Job Description :

We are seeking a highly skilled Manager Data Engineer with deep expertise in AWS data services, data wrangling using Python & PySpark, and a solid understanding of data governance, lineage, and quality frameworks. The ideal candidate will have a proven track record of delivering end-to-end data pipelines for logistics, supply chain, enterprise finance, or B2B analytics use cases.

Key Responsibilities :

- Design and implement scalable ETL/ELT pipelines using AWS Glue (3.0+), PySpark, and Athena.

- Build and manage data lakes on S3 using the bronze/silver/gold zone structure.

- Ensure pipelines are audit-ready, with validation logs, schema metadata, and classification tagging using Glue Data Catalog.

- Own end-to-end pipeline stages ingestion, transformation, validation, metadata enrichment, and BI readiness.

- Implement data quality frameworks using tools like Great Expectations to catch nulls, outliers, and rule violations early.

- Maintain data lineage and governance using OpenMetadata or Amundsen.

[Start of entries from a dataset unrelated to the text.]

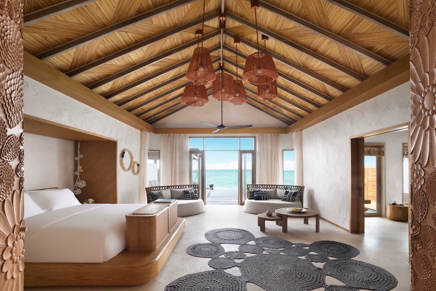 房型介绍:525㎡的极致别墅面积,73㎡的超大私人泳池,这是斯茹芬度假岛堪称的顶级享受。在轻轻潺潺的海水声中放松身心,享受您的三卧室水上日落别墅,设有慵懒的超大铜浴缸、可直接通往泻湖的私人沙滩甲板、私人凉亭、私人游泳池、带独立淋浴、双水槽、咖啡机、葡萄酒冰箱、Bose Hi-Fi 系统和特大号床。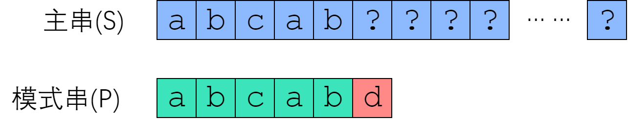 和主串从$S[0]$开始匹配时,在 $P[5]$ 处失配。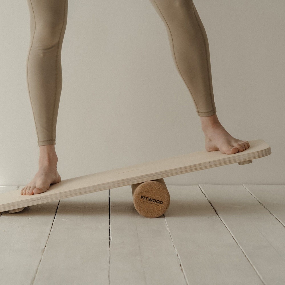 ALAVA balance board is made from sustainably sourced high-quality birch plywood, and it is available in birch and white. The board comes with a firm cork roller that is made from natural cork and it can also be used as a massage roller or for exercises such as Pilates. To avoid slipping we recommend using the board barefoot or with appropriate shoes, and for better grip you can also attach the additional anti-slip tapes that come in the package onto your board. ALAVA balance board can withstand up to 120 kg (265 lbs) of weight and it has stoppers on both ends of the board that prevent sliding off the roller.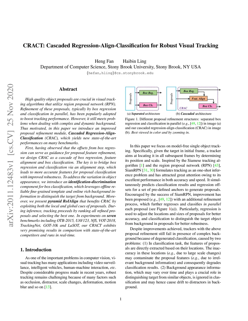 High quality object proposals are crucial in visual tracking algorithms that utilize region proposal network (RPN). Refinement of these proposals, typically by box regression and classification in parallel, has been popularly adopted to boost tracking performance. However, it still meets problems when dealing with complex and dynamic background. Thus motivated, in this paper we introduce an improved proposal refinement module, Cascaded Regression-Align-Classification (CRAC), which yields new state-of-the-art performances on many benchmarks. First, having observed that the offsets from box regression can serve as guidance for proposal feature refinement, we design CRAC as a cascade of box regression, feature alignment and box classification. The key is to bridge box regression and classification via an alignment step, which leads to more accurate features for proposal classification with improved robustness. To address the variation in object appearance, we introduce an identification-discrimination component for box classification, which leverages offline reliable fine-grained template and online rich background information to distinguish the target from background. Moreover, we present pyramid RoIAlign that benefits CRAC by exploiting both the local and global cues of proposals. During inference, tracking proceeds by ranking all refined proposals and selecting the best one. In experiments on seven benchmarks including OTB-2015, UAV123, NfS, VOT-2018, TrackingNet, GOT-10k and LaSOT, our CRACT exhibits very promising results in comparison with state-of-the-art competitors and runs in real-time.
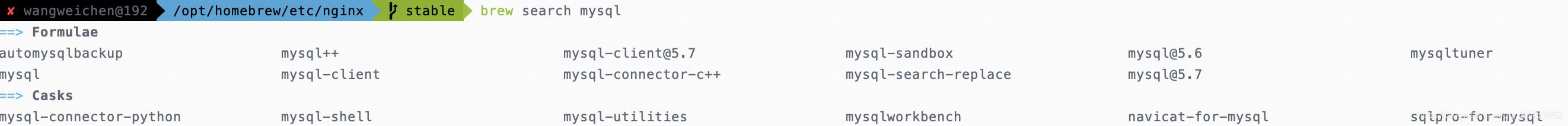 首先搜索是否包含想要安裝的 mysql 版本, 這里以 mysql@5.7 為例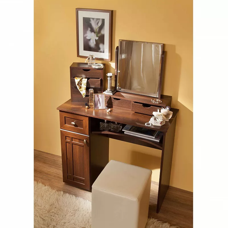 Туалетный столик с тумбой и выдвижным ящиком - самый удобный, вместительный и при этом скромный по габаритам вариант. Небольшой ящик на шариковых направляющих полного выдвижения. Они обеспечивают максимальный доступ к содержимому ящика и плавность его хода. Количество ящиков можно увеличить: установить на столешницу Sherlock 54 Ящики. За рамочным фасадом просторная ниша с полкой, регулируемой по высоте. Полка под столешницей с фигурным вырезом позволит комфортно сидеть за столиком человеку высокого роста. Сам по себе туалетный стол соответствует по высоте нормам ГОСТ и может использоваться как письменный или для работы с ноутбуком. Зеркало докупается отдельно.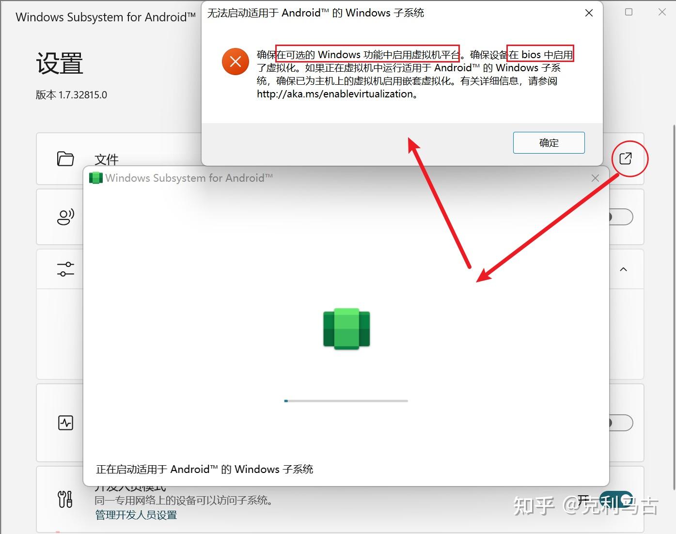 点击 “文件” 区域右上角的按钮,开始启动安卓子系统,不过弹出了错误弹窗,要求开启虚拟化(一个是启用虚拟机平台,一个是在 BIOS 中启用虚拟化):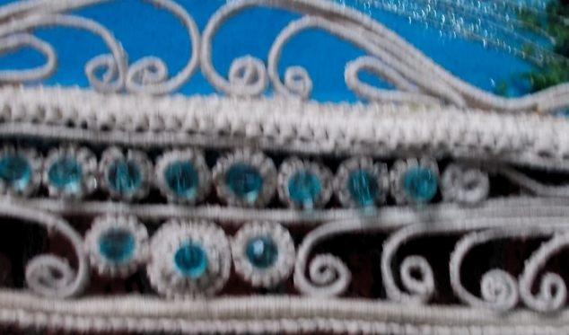 Одежду выполнила в технике ниточной аппликации. Украшения-макраме.Траву- гильошированием и ниточной крошкой. Нимб: сначала вырезала лучи из полупрозрачной белой ткани, приклеила, затем из прозрачной ткани -органза, приклеила нитки с серебристой нитью и нанесла блестящий серебристый клей .

- Collaborate with Data Scientists for ML pipelines, feature engineering, and I/O (JSON/Parquet) optimization.

- Prepare filterable, flattened datasets for BI tools like Sigma, Power BI, or Tableau.

- Interpret complex business metrics (e.g., forecasted revenue, margin, utilization) and translate them into technical logic.

- Build orchestration workflows using AWS Step Functions, EventBridge, and CloudWatch.

- Ensure delivery aligns with evolving business KPIs and compliance standards.

Required Skills :

- Bachelor's or Masters degree in Computer Science, Data Engineering, or a related field.

- 6 to 9 years of hands-on experience in data engineering.

- Minimum 3 years working with AWS-native data platforms.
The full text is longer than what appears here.